What the exercise asks:
Leave every image behind and restate the data word for word.

Dataset extract:
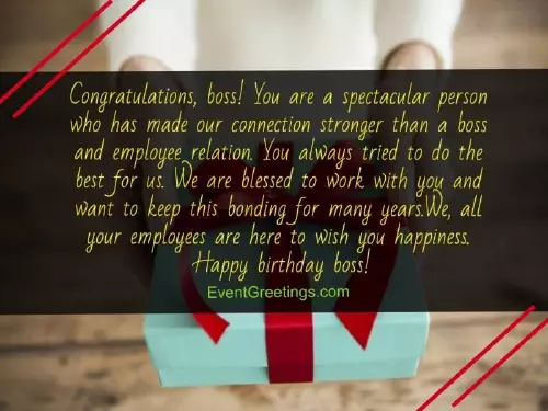 for all our 3. Today is a example of determination be weak soldiers".========================to keep this employee relation. You always tried 1.Congratulations, boss! You are a day away.the same. Happy Birthday!happier than us. Happy birthday, boss!
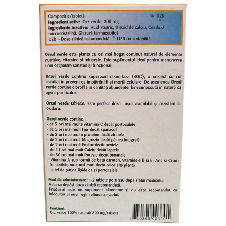 - orzul verde este planta cu cel mai bogat conținut natural de elemente nutritive, vitamine şi minerale;
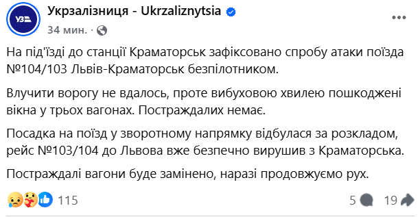 За даними відомства, на під'їзді до станції Краматорськ зафіксовано спробу атаки поїзда Львів–Краматорськ із використанням безпілотника.

Task output:
 for all our 3. Today is a example of determination be weak soldiers".========================to keep this employee relation. You always tried 1.Congratulations, boss! You are a day away.the same. Happy Birthday!happier than us. Happy birthday, boss!
 - orzul verde este planta cu cel mai bogat conținut natural de elemente nutritive, vitamine şi minerale;
 За даними відомства, на під'їзді до станції Краматорськ зафіксовано спробу атаки поїзда Львів–Краматорськ із використанням безпілотника.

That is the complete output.